I guess I miss the privacy [I know, “privacy” on the internet, haha. I mean privacy as in only strangers read it and I didn’t have to answer questions about things I wrote to acquaintances and strangers] I used to have. The site began as a way to keep in touch with family while I was in Germany, and morphed into a place to test chapters for a book, and keep sane while in a really bizarre situation. Now it’s barely an indication of me at all - it is so watered down and boring I feel like it’s totally pointless.
My dearest friend in the States, Caz, gave me solid advice: Fuck ‘em. I should, and she’s totally right. The problem is that I simply don’t have time to deal with the ramifications of being totally unfiltered. My mom doesn’t want to read about an argument we had on this weblog. I don’t have time for any more unnecessary dirty looks and judgements regarding how I choose to parent my son - I get enough of those already for less important reasons. I don’t feel comfortable making Husband Bad posts anymore because my mother in law reads the site, and I don’t like to talk about things Dash does with his friends because I’m afraid of someone reading and either being upset they are mentioned or mad that they weren’t.
I can’t win. Yes, I could make entries every day that go something like this:
Everything is great and I love everyone and nothing went wrong and there isn’ t anything to be irritated at and woo hoo super happy face!
but that’s not me, and I refuse to become that person.

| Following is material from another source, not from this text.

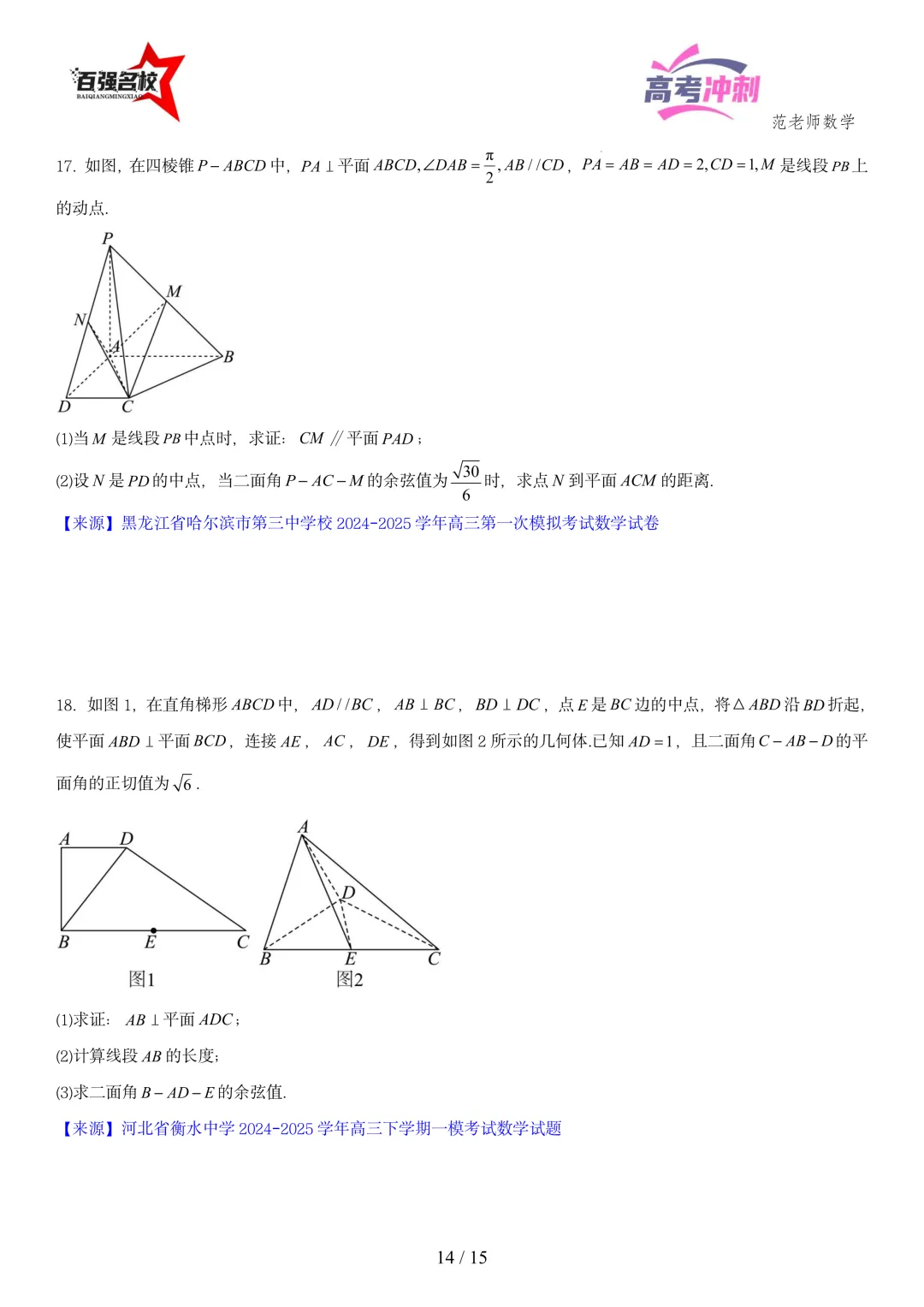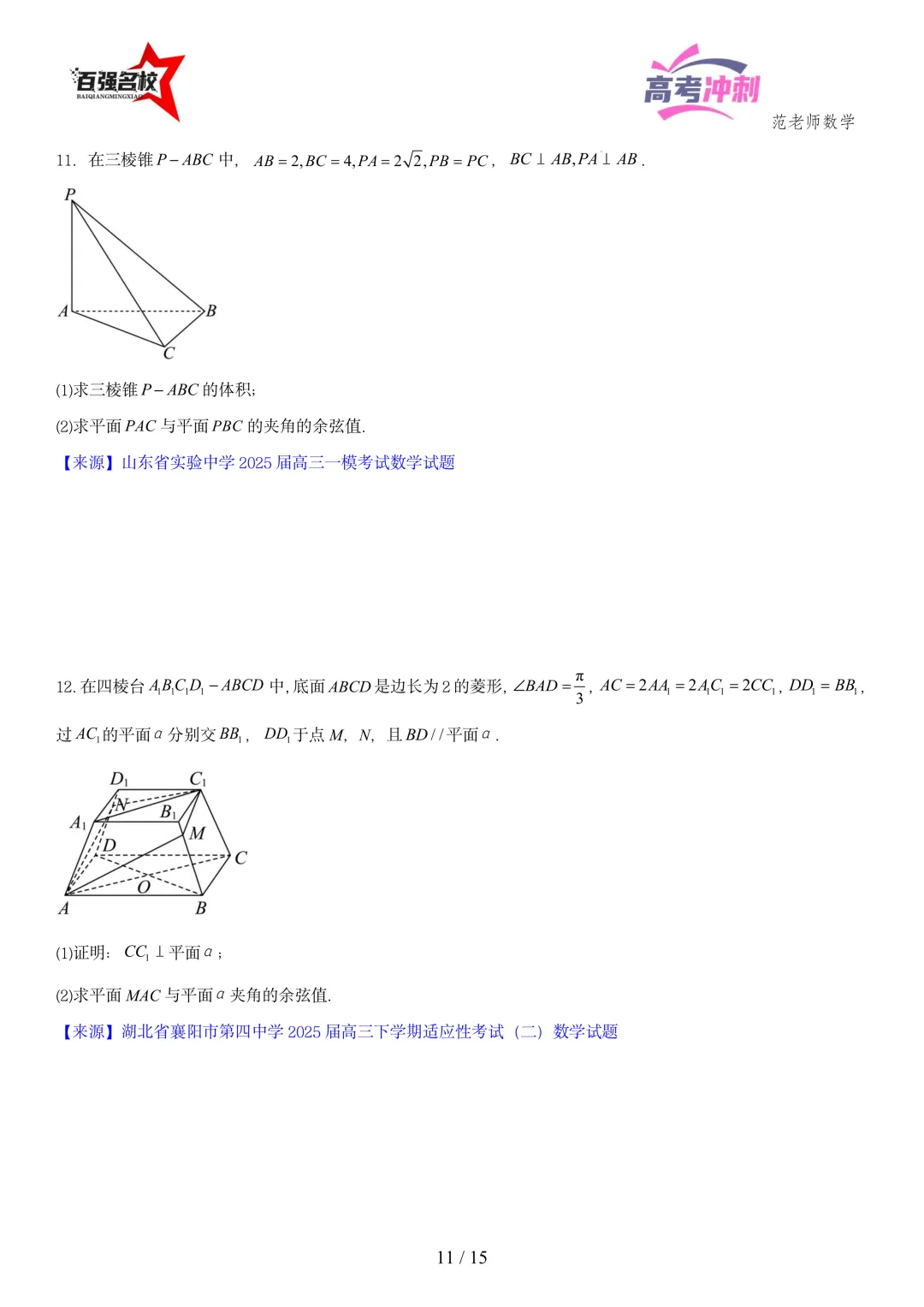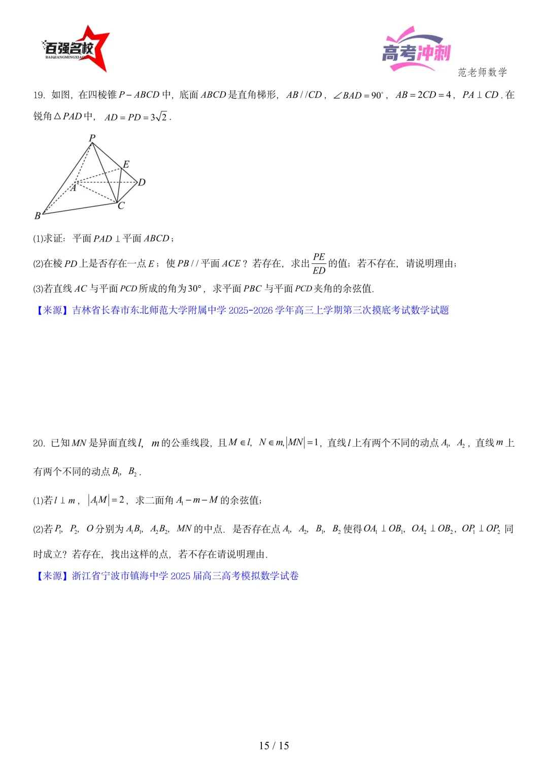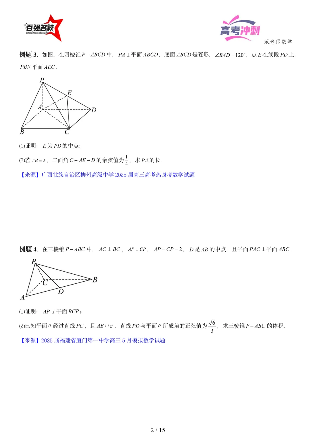 2026最新版:高考数学百强名校立体几何大题常考题型以及解题技巧总结(可打印)

I don’t know what will end up happening with this site. Maybe some of the other moms who read this can sympathize [I know a TON of you have been in similar, if not identical situations and might have some good advice] and at the very least, relate to reading someone write about not wanting to write. One good thing to come out of all of this is the completion of some very exciting chapter in the book, so I try to keep positive that way. Most of the time, however, I tend to get pissed off at people when I think about this place. If you think I’m talking about you, just calm the fuck down and consider the fact that you’re not as goddamned important as you think you are.
J., R., A.: Thank you for keeping me sane during all of this!